There is also a mental disregard for one’s body; especially in regards to the side effects an individual will endure taking AAS (Fitch, 2008). Many people suffer from a condition referred to as “reverse anorexia.” Individuals that have this condition see themselves as weak and small even though they may be very large and muscular (Graham et al., 2008). This distorted body image is a concern that needs professional counseling and should be taken as seriously as anorexia itself. Individuals with reverse anorexia are not only suffering mentally but the physical damage they are doing to their bodies is just as disturbing and detrimental as anorexia itself.

The real root of disorders like anorexia and reverse anorexia are individuals having low self esteem and an unhealthy view of how their body should be. These unrealistic body ideals put those at risk for having a variety of issues such as negative body image, unhealthy eating habits and unhealthy exercise habits. What follows these issues are the resorting of AAS use to counter act their altered body image (Graham et al., 2008).

Studies were done on dedicated women athletes who found that those with substance dependence also displayed co-morbidity or the possession of other disorders (Graham et al., 2008). Fifty six percent of these women, while administering the substance experienced hypomania, and another forty percent had a problem with depression while going through the withdrawal of the substance (Graham et al.). Hypomania, is a mood state characterized by persistent and pervasive elevated or irritable mood, and thoughts and behaviors that are consistent with such a mood state.
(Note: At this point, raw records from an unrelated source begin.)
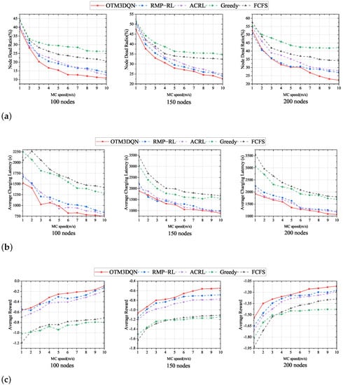 Impact of MC speed. (a) Node dead ratio under different MC speed. (b) Average charging latency under different MC speed. (c) Average reward under different MC speed.
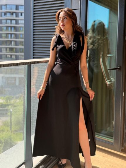 Kadın Askılı Omuzdan Bağlamalı Kruvaze Yakalı Uzun Yırtmaçlı Janjan Krep Elbise
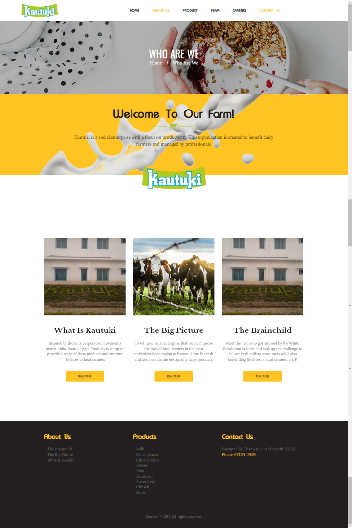Kautuki is a social enterprise with a focus on productivity. This organization is created to benefit dairy farmers and managed by professionals. kautuki.com YEAR 2019 WE DID Website Development CATEGORY Wordpress COUNTRY India INDUSTRY Dairy Products Prev. Project All Projects Next Project
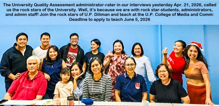 The University Quality Assessment administrator-rater in our interviews yesterday Apr. 21, 2026, called us the rock stars of the University. Well, it’s because we are with rock star-students, administrators, and admin staff! Join the rock stars of U.P. Diliman and teach at the U.P. College of Media and Comm: Deadline to apply to teach June 5, 2026.
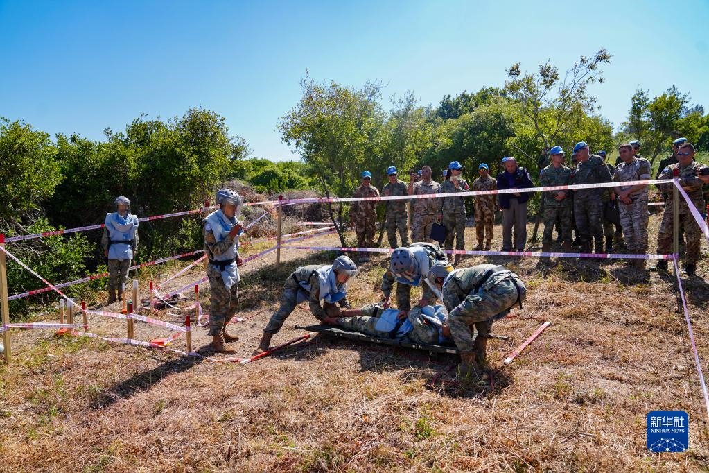 5月3日,在黎巴嫩南部邊境“藍線”附近雷場,參與演習的中國第21批赴黎巴嫩維和多功能工兵分隊醫(yī)療組對“傷員”傷情進行前期處置。
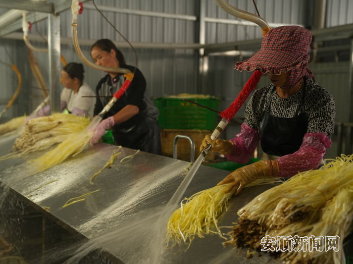 “今天采收的是今年的第一茬韭黄,预计能收割1万斤左右。目前工人的用工量比较大,收割加上清洗场每天需要70人左右。”贵州韭屹农业有限公司销售经理李文艳说。
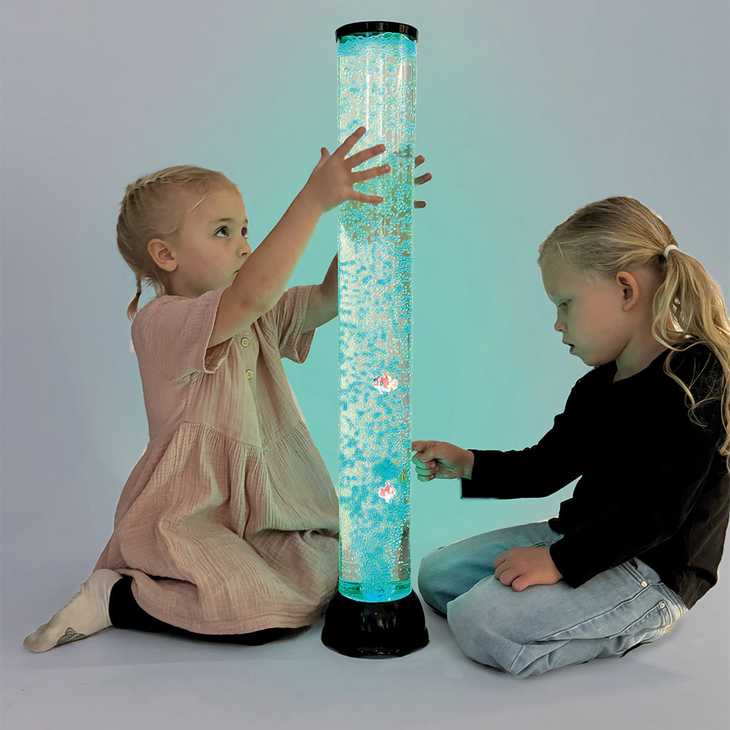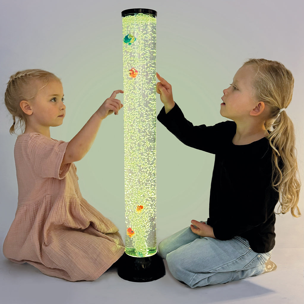 A calming bubble tube with colorful fish swimming up and down in time with the bubbles. A sensory experience that stimulates curiosity and provides a soothing effect. The lamp is powered by the included cord. Requires a power outlet.
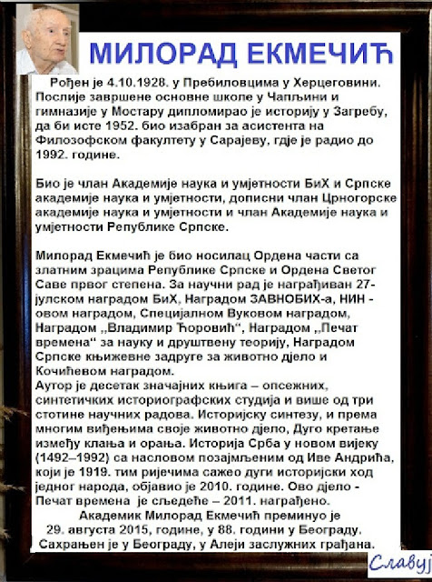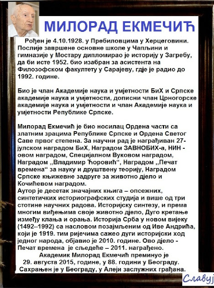 Академик Милорад Екмечић био је један од највећих српских историчара који је за собом оставио бројна дјела на којима ће се темељити знање будућих генерација.
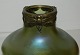 Glasvase i Art Nouveau stil: Grøn glasvase i organisk form fra Loetz i Bøhmen fra ca. 1900. Dekoreret med gulssmede i metal rundt om vasens åbning. Både glas og metal i perfekt stand. Vasen er 10 cm høj
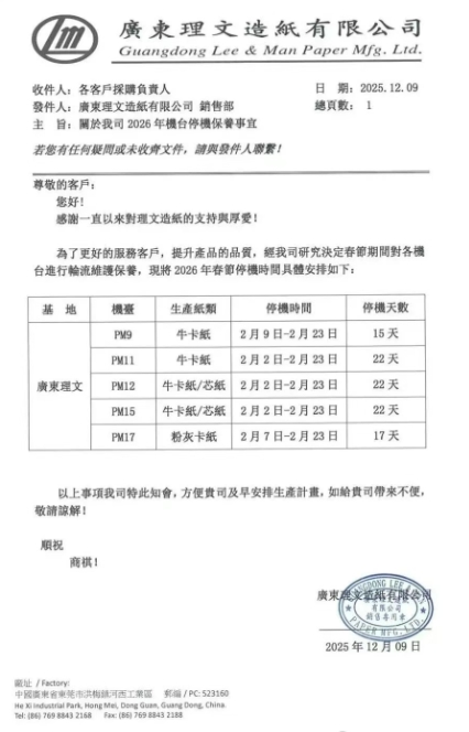 三家龍頭紙企宣布停機(jī)計(jì)劃,預(yù)計(jì)2026年初減產(chǎn)約27萬(wàn)噸包裝紙

Many people, especially the media, have described this as “roid rage.” There is also a wide range of disorders that these women displayed that were not so defined before the use of steroids. Some examples are obsessive compulsive disorder, strict dietary routines, nontraditional gender roles, and preoccupation with and an overall dislike of their physique (Graham et al.).

Muscle dysmorphia is a psychiatric disorder in which the affected person is excessively concerned about and preoccupied by an imagined or minor defect in their physical features. This may be one or more things. The psychological stress that an individual may have from this disorder may cause them to have problems at work and problems in their social life to the point where it affects their ability to function properly. A study was done which included the use of 320 individuals, half AAS abusers and the others were controls. This study resulted in the finding that as abuse intensifies and increases so does the severity of the psychiatric side effects (Graham et al., 2008). More specifically in terms of emotions, users of AAS will have a heightened sense of self esteem, feel invincible, suffer from paranoid jealousy, extreme irritability, delusions, altered mental state with impaired judgment branching from their feelings of invincibility (“Steroids”, n.d.).
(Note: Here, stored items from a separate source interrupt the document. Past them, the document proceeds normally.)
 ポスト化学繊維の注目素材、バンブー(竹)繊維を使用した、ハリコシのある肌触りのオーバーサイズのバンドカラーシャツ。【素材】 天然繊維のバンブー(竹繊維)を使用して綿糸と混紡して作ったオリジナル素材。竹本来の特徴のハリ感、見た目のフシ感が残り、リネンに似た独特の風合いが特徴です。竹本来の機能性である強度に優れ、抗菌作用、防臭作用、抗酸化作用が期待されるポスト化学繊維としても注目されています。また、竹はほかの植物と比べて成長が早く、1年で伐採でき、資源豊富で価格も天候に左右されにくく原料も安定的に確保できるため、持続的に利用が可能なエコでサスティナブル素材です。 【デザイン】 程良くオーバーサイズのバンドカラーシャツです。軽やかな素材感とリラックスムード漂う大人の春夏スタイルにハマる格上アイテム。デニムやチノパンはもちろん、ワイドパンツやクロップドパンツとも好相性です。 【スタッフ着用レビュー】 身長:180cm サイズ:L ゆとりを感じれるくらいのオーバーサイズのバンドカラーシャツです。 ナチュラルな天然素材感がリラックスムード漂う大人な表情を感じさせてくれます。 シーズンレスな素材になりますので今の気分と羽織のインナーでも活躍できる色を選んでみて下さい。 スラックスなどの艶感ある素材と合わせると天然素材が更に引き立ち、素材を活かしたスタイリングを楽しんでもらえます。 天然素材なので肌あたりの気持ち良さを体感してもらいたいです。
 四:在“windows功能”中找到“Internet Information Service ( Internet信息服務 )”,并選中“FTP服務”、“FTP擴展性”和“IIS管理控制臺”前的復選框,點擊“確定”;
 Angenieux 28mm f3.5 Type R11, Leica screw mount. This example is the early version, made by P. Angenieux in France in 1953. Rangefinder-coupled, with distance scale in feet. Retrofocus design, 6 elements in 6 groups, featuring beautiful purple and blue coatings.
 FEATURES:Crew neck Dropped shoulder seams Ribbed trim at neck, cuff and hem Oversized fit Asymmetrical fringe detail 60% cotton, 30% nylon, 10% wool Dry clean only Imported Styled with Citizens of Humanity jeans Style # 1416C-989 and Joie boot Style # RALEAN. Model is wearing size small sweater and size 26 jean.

Improved efforts in prevention and education seem to be the key in combating AAS abuse (Yesalis & Bahrke, 1995). Another important factor is the role pharmacists play in prevention and rehabilitation. They have an obligation to help athletes avoid banned substances and can play a key role in doping control programs to help these athletes (Ambrose, 2004). Also, extensive research needs to be done not only on the long term effects, but the role AAS plays in women’s bodies. It seems that there is a general consensus with most of the literature that the long term effects of steroid use are unknown, although there are some predictions as to what some of those effects may be. Without the statistical data to back these hypotheses up, it is hard to know what is in store for chronic AAS users. Some researchers consider depression, liver damages and cancer as long term effects (“San Diego County Rehabilitation Center”, 2007). The most important aspect though is that these individuals need help and medical attention. The root seems to be the psychological disorders. In conclusion, whether its pressure from society to be the best or one’s own competitive drive to be the best, AAS users are continuing to use at any cost, and experience many positive and negative effects.